* _WORK TO COMPLETE_: Quote the records that follow in full, leaving the pictures out.

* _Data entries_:
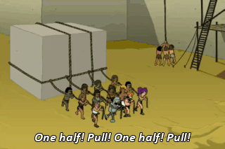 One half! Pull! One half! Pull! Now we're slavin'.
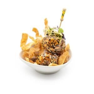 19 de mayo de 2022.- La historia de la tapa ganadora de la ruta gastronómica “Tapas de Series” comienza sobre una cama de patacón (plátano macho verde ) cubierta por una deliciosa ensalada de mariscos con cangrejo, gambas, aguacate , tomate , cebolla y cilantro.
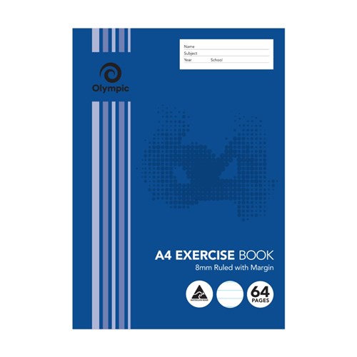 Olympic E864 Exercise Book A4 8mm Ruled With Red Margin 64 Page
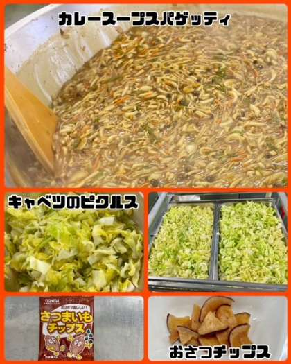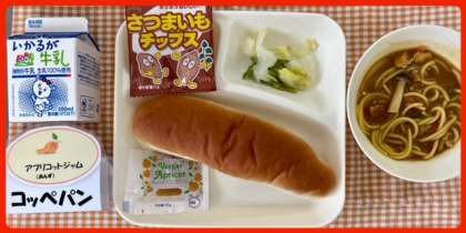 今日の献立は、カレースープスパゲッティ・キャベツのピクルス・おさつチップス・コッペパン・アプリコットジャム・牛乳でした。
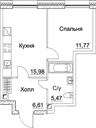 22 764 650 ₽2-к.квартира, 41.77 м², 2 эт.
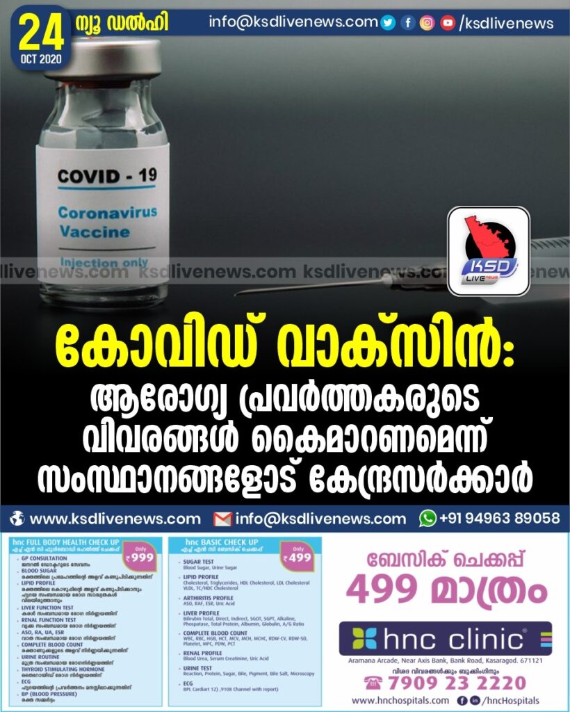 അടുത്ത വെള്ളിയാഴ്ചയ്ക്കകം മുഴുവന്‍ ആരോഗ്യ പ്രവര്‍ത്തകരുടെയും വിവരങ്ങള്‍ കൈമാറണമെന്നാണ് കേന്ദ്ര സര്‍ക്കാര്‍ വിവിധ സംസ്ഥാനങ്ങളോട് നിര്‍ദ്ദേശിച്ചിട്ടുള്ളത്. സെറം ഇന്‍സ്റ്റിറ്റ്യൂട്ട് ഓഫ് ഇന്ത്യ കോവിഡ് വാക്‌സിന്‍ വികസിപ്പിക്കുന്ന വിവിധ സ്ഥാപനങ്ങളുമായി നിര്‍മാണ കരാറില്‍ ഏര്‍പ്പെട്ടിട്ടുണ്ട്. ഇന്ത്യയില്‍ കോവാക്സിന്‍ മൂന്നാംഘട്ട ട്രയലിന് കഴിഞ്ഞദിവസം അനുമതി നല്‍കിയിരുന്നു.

* _SOLUTION_:
 One half! Pull! One half! Pull! Now we're slavin'.
 19 de mayo de 2022.- La historia de la tapa ganadora de la ruta gastronómica “Tapas de Series” comienza sobre una cama de patacón (plátano macho verde ) cubierta por una deliciosa ensalada de mariscos con cangrejo, gambas, aguacate , tomate , cebolla y cilantro.
 Olympic E864 Exercise Book A4 8mm Ruled With Red Margin 64 Page
 今日の献立は、カレースープスパゲッティ・キャベツのピクルス・おさつチップス・コッペパン・アプリコットジャム・牛乳でした。
 22 764 650 ₽2-к.квартира, 41.77 м², 2 эт.
 അടുത്ത വെള്ളിയാഴ്ചയ്ക്കകം മുഴുവന്‍ ആരോഗ്യ പ്രവര്‍ത്തകരുടെയും വിവരങ്ങള്‍ കൈമാറണമെന്നാണ് കേന്ദ്ര സര്‍ക്കാര്‍ വിവിധ സംസ്ഥാനങ്ങളോട് നിര്‍ദ്ദേശിച്ചിട്ടുള്ളത്. സെറം ഇന്‍സ്റ്റിറ്റ്യൂട്ട് ഓഫ് ഇന്ത്യ കോവിഡ് വാക്‌സിന്‍ വികസിപ്പിക്കുന്ന വിവിധ സ്ഥാപനങ്ങളുമായി നിര്‍മാണ കരാറില്‍ ഏര്‍പ്പെട്ടിട്ടുണ്ട്. ഇന്ത്യയില്‍ കോവാക്സിന്‍ മൂന്നാംഘട്ട ട്രയലിന് കഴിഞ്ഞദിവസം അനുമതി നല്‍കിയിരുന്നു.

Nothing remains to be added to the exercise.